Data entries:
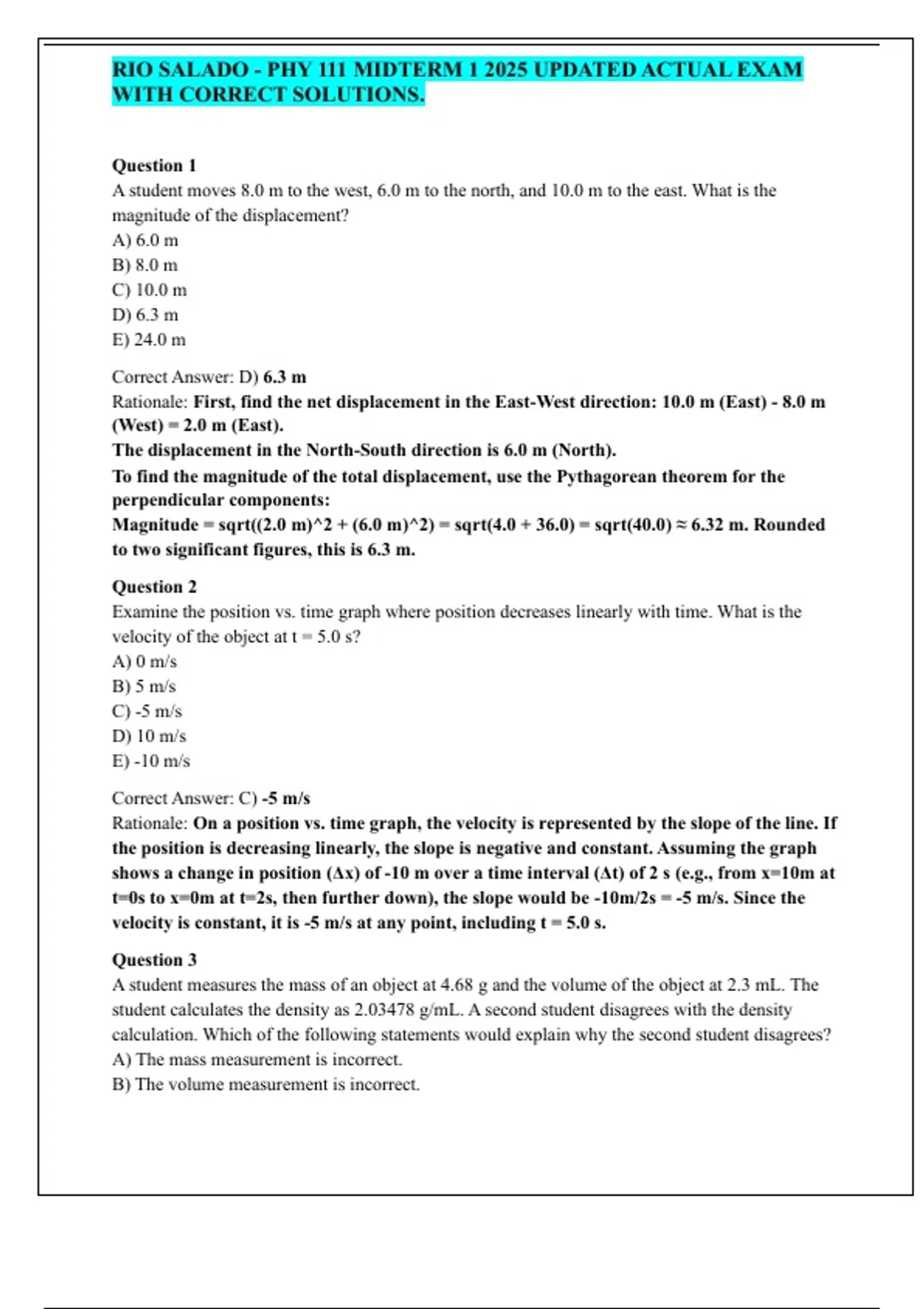 RIO SALADO - PHY 111 MIDTERM 1 2025 UPDATED ACTUAL EXAM
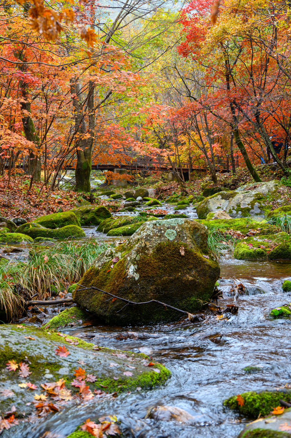 沈阳本溪老边沟,秋季枫树红叶溪流自然风光
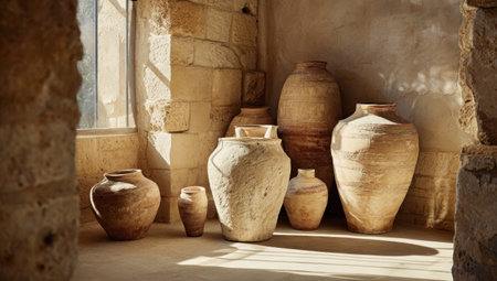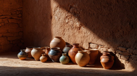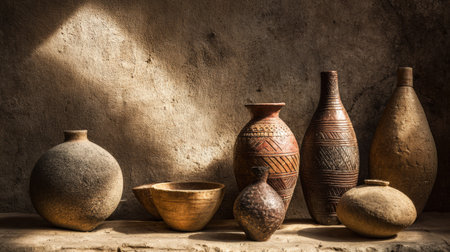 An assortment of aged pottery vases sits indoors against a textured stone wall, bathed in soft, natural light. The earthen vessels display various sizes and shapes, with rustic surfaces and neutral tones. This composition evokes history and is suitable for illustrating themes related to culture or historical contexts.
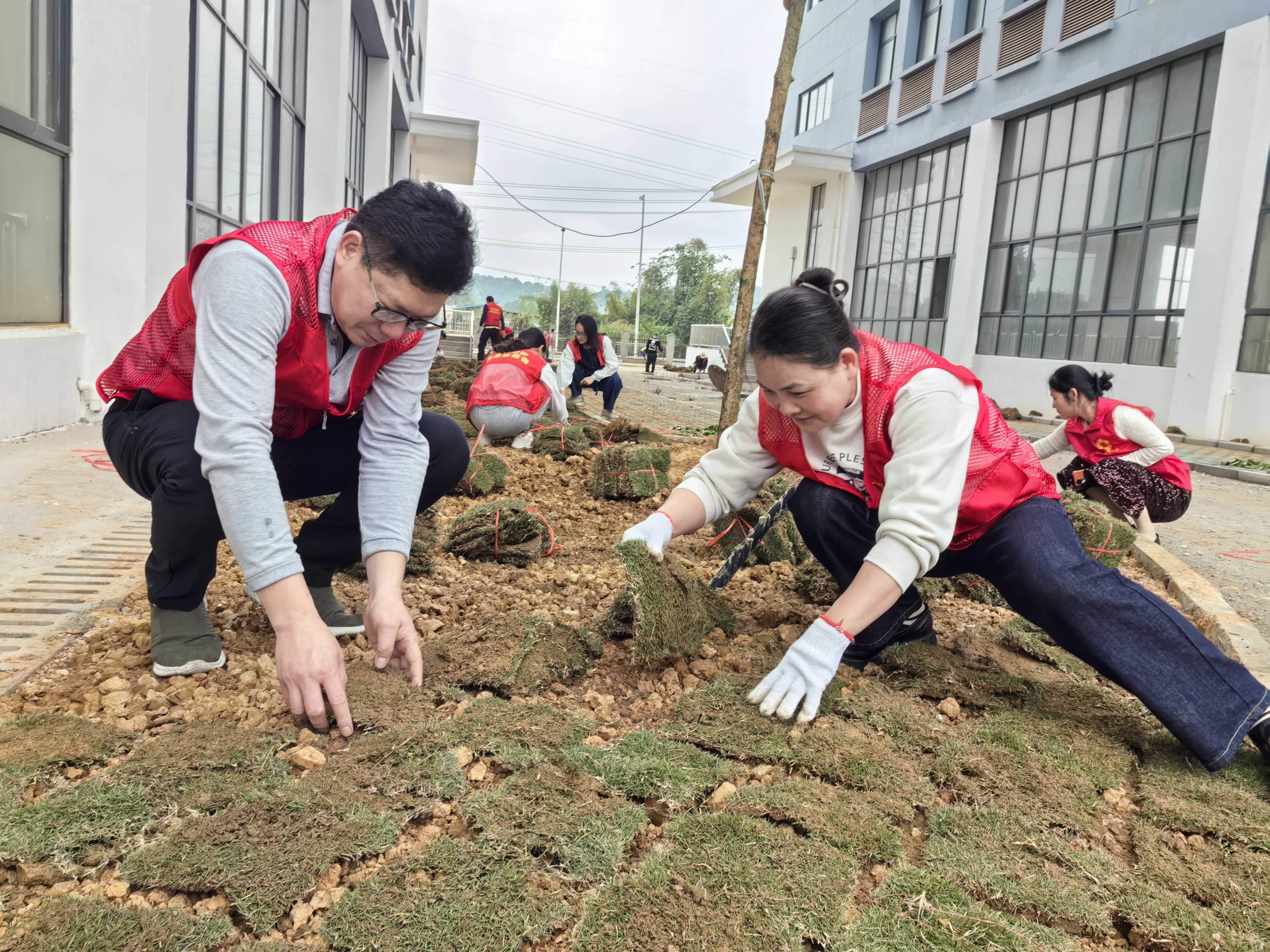 “這棵樹苗要扶正,不然長大后會(huì)歪的?!?/span>榮鑫公司黨支部委員、副總經(jīng)理唐欽月一邊指導(dǎo)身邊的同事,一邊用腳輕輕踩實(shí)樹苗周圍的泥土。她笑著說:“植樹就像培養(yǎng)孩子,一開始就要打下好基礎(chǔ)?!?/span>她的臉上掛著汗珠,但眼神中滿是認(rèn)真。不遠(yuǎn)處,年輕的入黨積極分子楊文君正和同事們一起鋪設(shè)草皮。他們動(dòng)作熟練,配合默契,不一會(huì)兒就鋪出了一大片嫩綠的草地。楊文君擦了擦額頭的汗水,笑著說:“今天雖然累,但看到這片新綠,心里特別踏實(shí)。作為入黨積極分子,能和黨員們一起為生態(tài)環(huán)境出一份力,感覺特別有意義。”
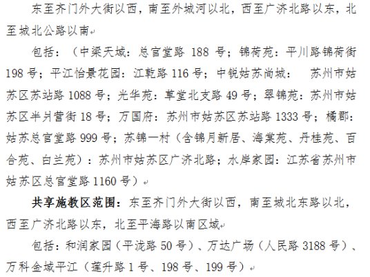 备注:以上施教区为苏州市南环实验小学校和苏州市平直实验小学校共享施教区,施教区内符合入学条件的适龄儿童,可自愿在以上两所小学中的一所接受义务教育,均视作地段生。
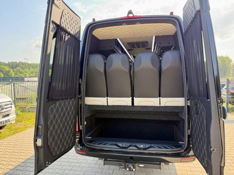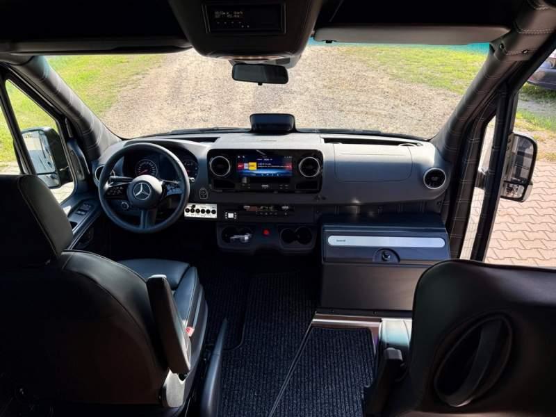 Fabrycznie nowy autobus Autobus dostępny od zaraz ! Nr. Oferty: 731 Mercedes-Benz Elegantbus Sprinter 519 EURO VI E GSR II 22+1+1 miejsc siedzących z możliwością szybkiej zmiany na 19+1+1 miejsc siedzących i zwiększenia przestrzeni bagażowej ! Wersja XXXL o długości 7, 87 m Pojemność: 1950 cm3 Pakiet stylistyczny Moc: 190 KM Rok produkcji: 2025 Kolor: Czarny PODSTAWOWE I DODATKOWE WYPOSAŻENIE BAZOWE – ABS, SRS, ESP – Wspomaganie kierownicy – Automatyczna 9 stopniowa skrzynia biegów – Centralny zamek, immobiliser – Reflektory przednie w technologii LED – Tylne lampy częściowo w technologii LED – Asystent utrzymania pasa ruchu – Tempo 100 km/h – Elektryczne szyby – Sensor świateł oraz deszczu – Tempomat – Kierownica wielofunkcyjna, trójramienna – Stabilizacja poziom II – Wzmocnione opony 205/75/R16C – Dogrzewacz elektryczny PTC – Klimatyzacja półautomatyczna TEMPTRONIC – Fotel kierowcy komfortowy z podłokietnikiem – Światła z funkcją świateł do jazdy dziennej – Lusterko wsteczne – Asystent pasa ruchu – Zamykany schowek na kokpicie – Akumulator AGM 12V 95 Ah – Lusterko wsteczne wewnętrzne – Zbiornik paliwa powiększony: 93 litry – Chlapacze przednie – Chlapacze tylnie FOTELE PRZEDZIAŁU PASAŻERSKIEGO – Komfortowe turystyczne fotele przedziału pasażerskiego (regulacja oparcia oraz przesuw boczny) – Fotele posiadają pasy bezpieczeństwa, podłokietniki, siateczki, stoliki, rączki, komfortowe zagłówki, – Fotele montowane na podestach – Fotel pilota na słupku B PRZESZKLENIE POJAZDU – Szyby podwójne, przyciemniane fabrycznie – Firanki przeciwsłoneczne na prowadnicach – Szyby drzwi elektrycznych podgrzewane SYSTEMY GRZEWCZE – Grzejniki konwektorowe wodne zainstalowane w przedziale pasażerskim po lewej i prawej stronie – Postojowe ogrzewanie wodne, oryginalne EBERSCHPRECHER 5 kW KLIMATYZACJA – Automatyczna Klimatyzacja dachowa WEBASTO 12, 5 kW OŚWIETLENIE – Oświetlenie indywidualne – Oświetlenie postojowe – Oświetlenie nocne – Podświetlane stopnie wejściowe – Podesty z podświetleniem LED – Lampy obrysowe dachowe LED MULTIMEDIA – System multimedialny MBUX 10, 5 cala – Oryginalna Kamera Cofania – Mikrofon – Nagłośnienie przestrzeni pasażerskiej PIONNER – Gniazda USB dla każdego rzędu siedzeń – Przetwornica 230v PRZECHOWYWANIE BAGAŻU I UBRAŃ – Turystyczne półki bagażowe – Lodówka o pojemności 40 litrów – Pogłębiony tylny bagażnik – Wieszaki ubraniowe ELEMENTY BEZPIECZEŃSTWA – Podłoga antypoślizgowa PCV, odporna na ścieranie, wodoodporna – Szyberdach wentylacyjny / wyjście awaryjne – Młotki bezpieczeństwa – Dodatkowa gaśnica 2 kg ELEMENTY FUNKCJONALNE – Elektryczne drzwi wejściowe sterowane z przycisku i pilota – Podwójny stopień wejściowy oświetlony LED – Przedłużenie pojazdu w tylnej części – Hak holowniczy LIFTING ZEWNĘTRZNY – Lakierowane zderzaki, listwy, klamki, lusterka i grill w kolorze pojazdu – Spojlery dolne w kolorze nadwozia Sprzedający:
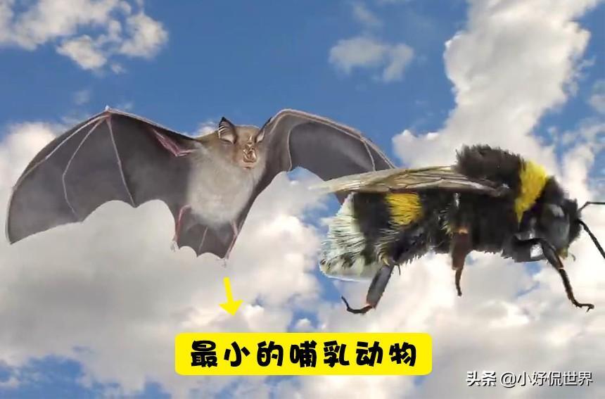 世界上体型最小的哺乳动物是大黄蜂蝙蝠,它仅有2.5厘米。正如它的名字体现的那样,它的大小也就仅有一只大黄蜂那么大。它们主要分布于泰国西部及缅甸东南部,在沿河附近的石灰岩洞中生活。
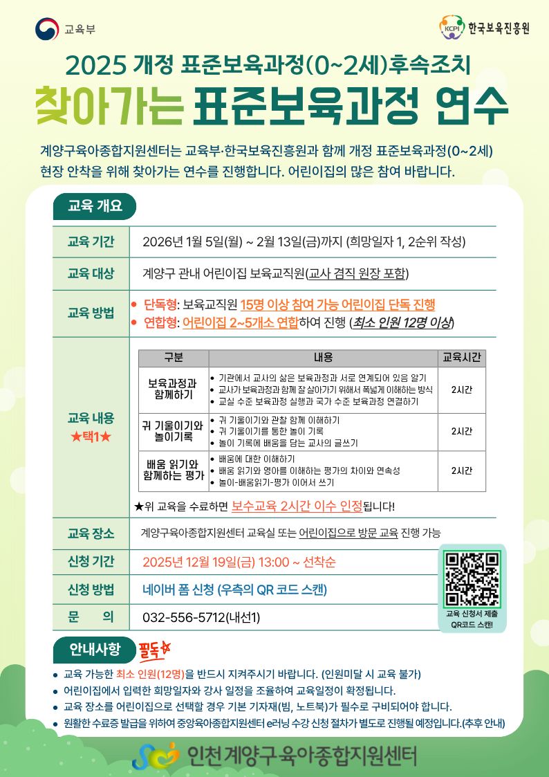 ★마감★[보수교육 인정] 어린이집으로 찾아가는 표준보육과정 연수 참여 기관 모집 안내
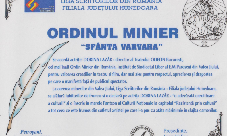 În seara zilei de 2 decembrie, după spectacolul Gaiţele, preşedintele Ligii Scriitorilor din România – Filiala Hunedoara, domnul Ioan Velica a acordat actriţei Dorina Lazăr, director al Teatrului Odeon Bucureşti şi actorului Marius Stănescu diploma şi medalia Ordinului Minier Sfânta Varvara (Cel mai înalt Ordin Minier din România).
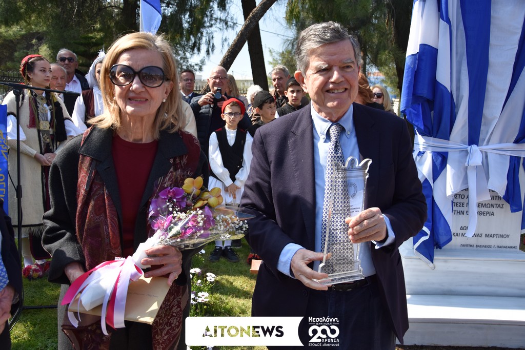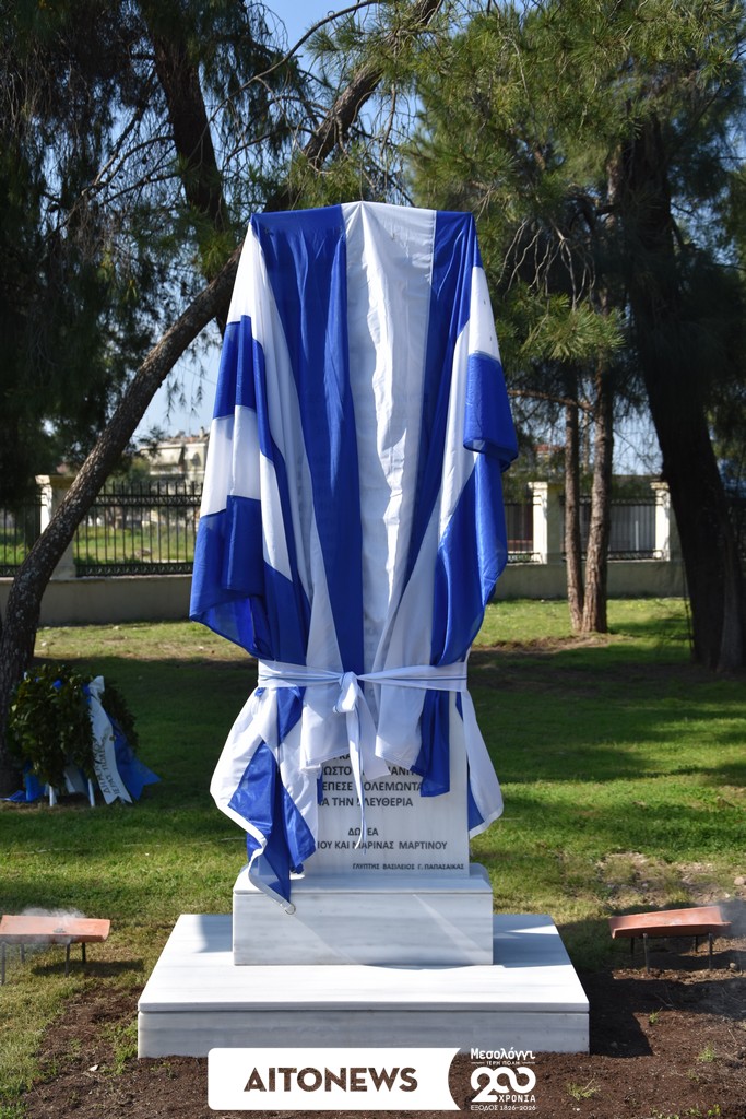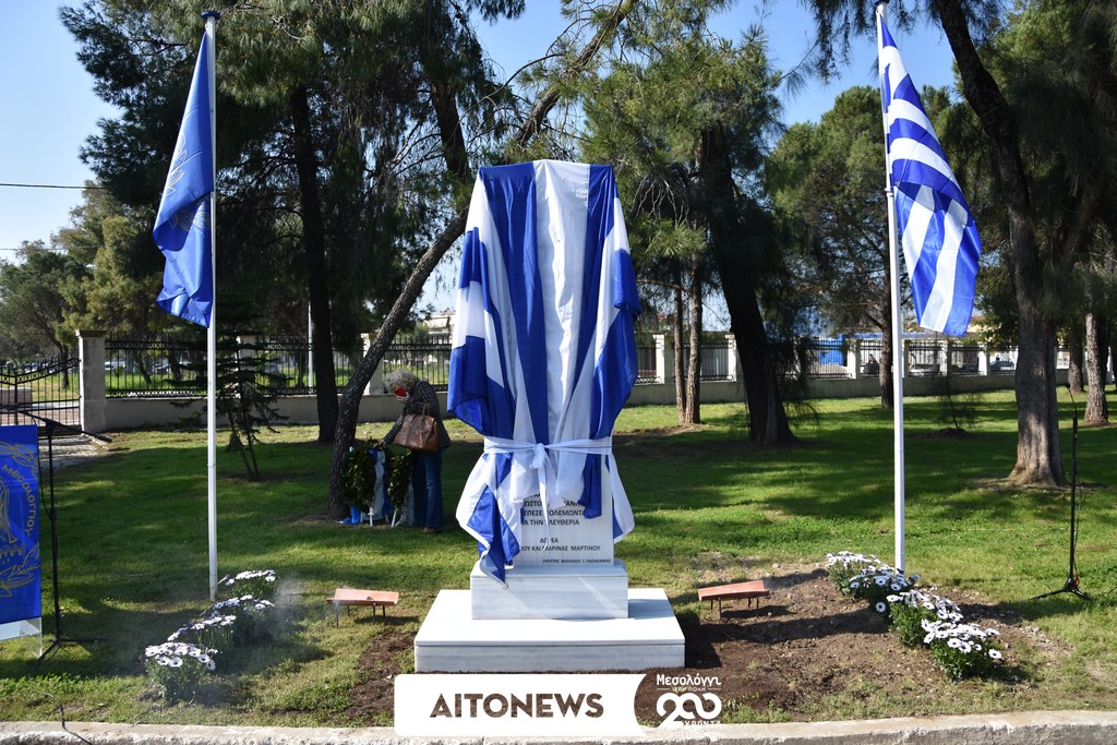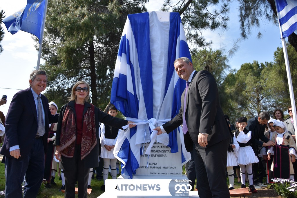 Τα αποκαλυπτήρια του μνημείου πραγματοποιήθηκαν από τον Δήμαρχο της Ιεράς Πόλεως Μεσολογγίου Σπυρίδωνα Διαμαντόπουλο μαζί με τους δωρητές του έργου Αθανάσιο και Μαρίνα Μαρτίνου, σε μια ιδιαίτερα συγκινητική στιγμή της εκδήλωσης.
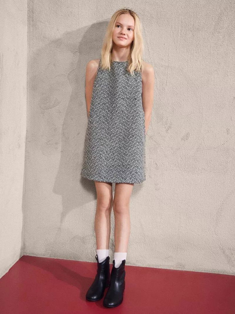 Kids' Rosa Sleeveless Herringbone Dress, Blue/Multi
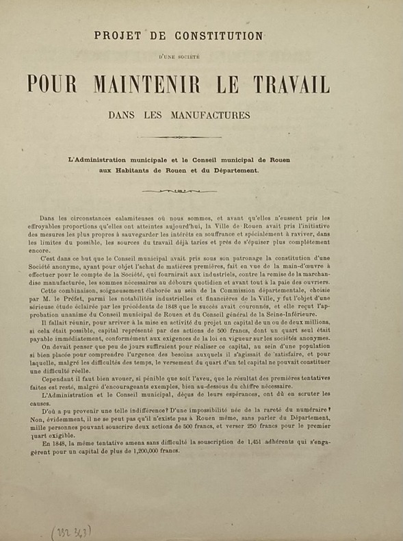 Approbation par le Conseil municipal de Rouen de la création de la société anonyme Union des intérêts départementaux, municipaux et industriels, destinée à maintenir les activités manufacturières en pleine débâcle de la Guerre franco-prussienne.Au CCF, exemplaires seulement à la BnF.ON JOINT : un bulletin (in-12 oblong) de souscription d'actions. - - VENTE PAR CORRESPONDANCE UNIQUEMENT

■ **What to do**:
Print once more, exactly, the lines from the one with "Kids' Rosa Sleeveless" through the last line of the data, both ends included, without any pictures.

■ **Answer to this task**:
 Kids' Rosa Sleeveless Herringbone Dress, Blue/Multi
 Approbation par le Conseil municipal de Rouen de la création de la société anonyme Union des intérêts départementaux, municipaux et industriels, destinée à maintenir les activités manufacturières en pleine débâcle de la Guerre franco-prussienne.Au CCF, exemplaires seulement à la BnF.ON JOINT : un bulletin (in-12 oblong) de souscription d'actions. - - VENTE PAR CORRESPONDANCE UNIQUEMENT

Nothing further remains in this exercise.